TASK REQUIREMENTS:
Restate exactly the lines below, from the one containing "潛水者參加世界冰下潛水競(jìng)賽" through the final line, and leave out the pictures.

GIVEN MATERIAL:
-.-.-
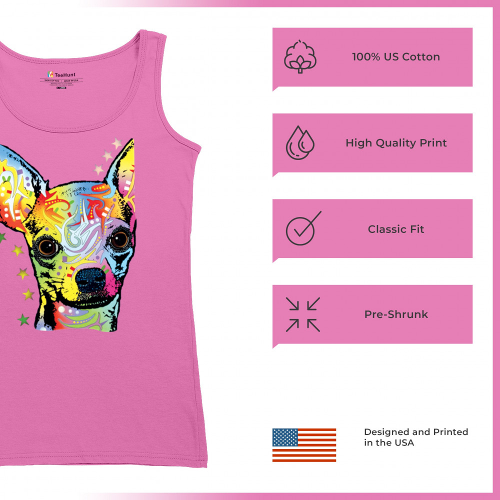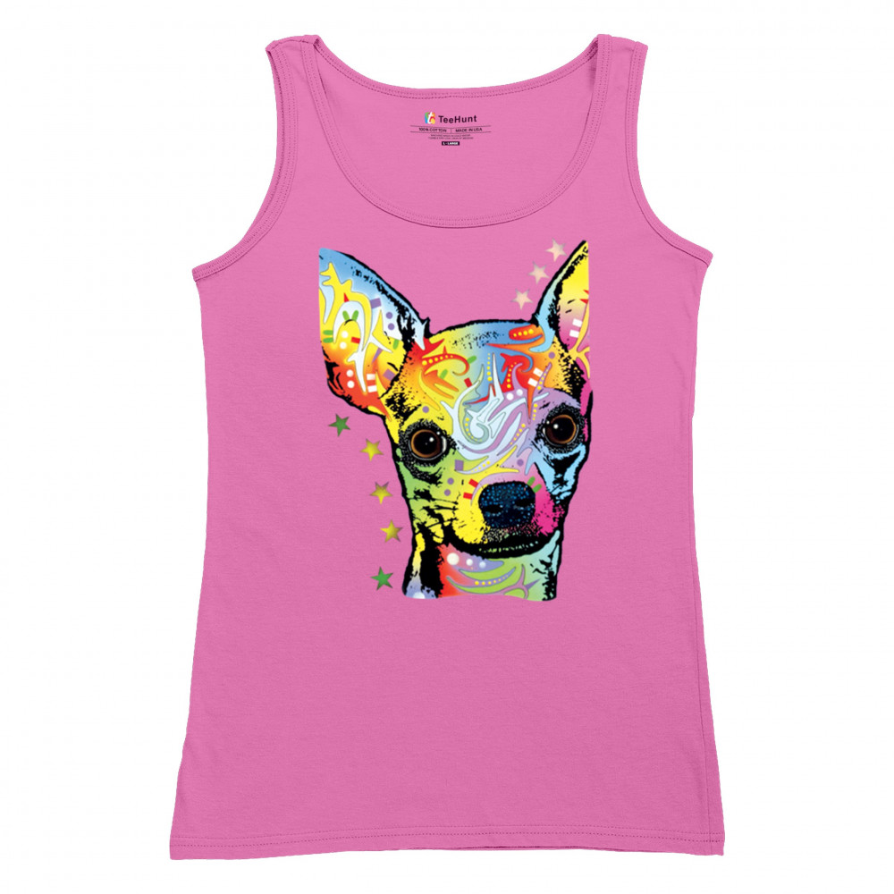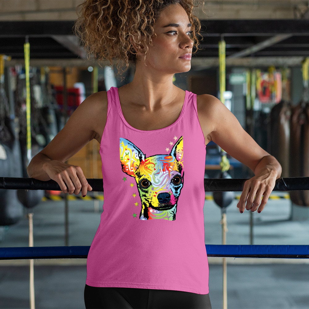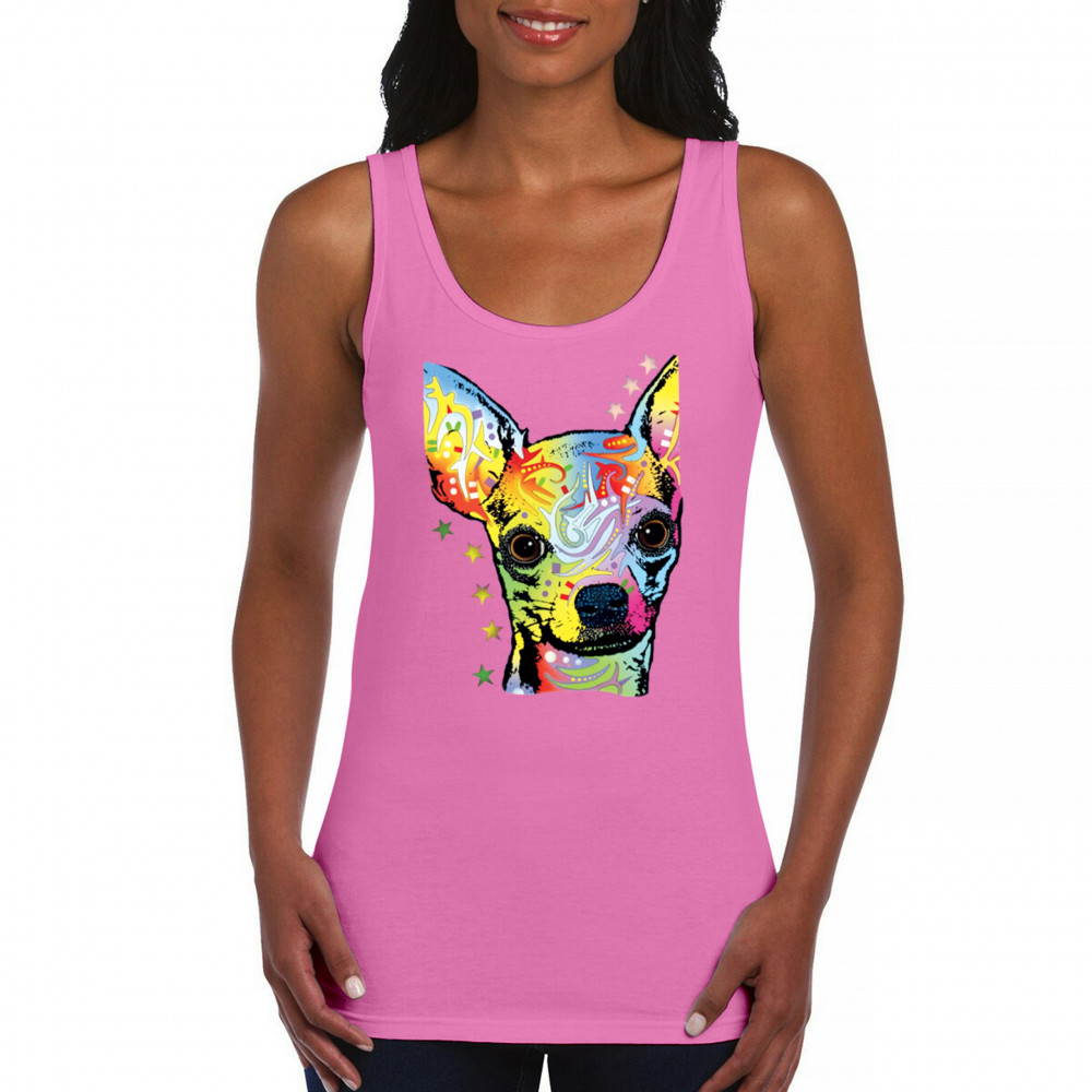 DEAN RUSSO CUTE CHIHUAHUA women's tank top neon colorful small dog pet pink
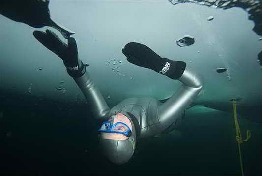 潛水者參加世界冰下潛水競(jìng)賽
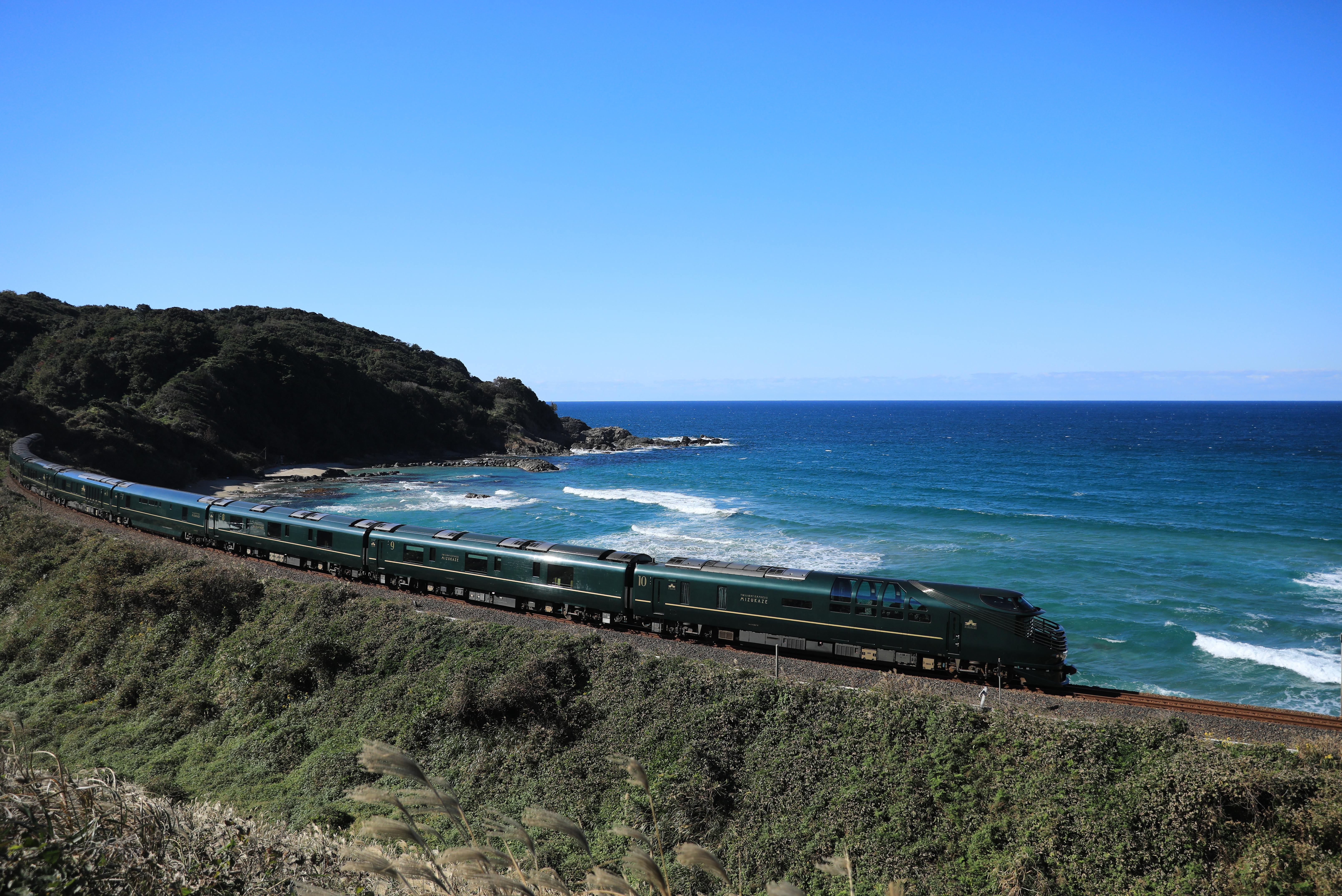 青い海を走る瑞風(2) 2023/09/25 [クリックで拡大(17.5 MB)]秋空と青い海の間を走る瑞風を写しました。1撮影場所:道の駅 三隅撮影日時:令和4年(2022)10月31日 午後1時30分過ぎ
-.-.-
ANSWER TO THE EXERCISE:
 潛水者參加世界冰下潛水競(jìng)賽
 青い海を走る瑞風(2) 2023/09/25 [クリックで拡大(17.5 MB)]秋空と青い海の間を走る瑞風を写しました。1撮影場所:道の駅 三隅撮影日時:令和4年(2022)10月31日 午後1時30分過ぎ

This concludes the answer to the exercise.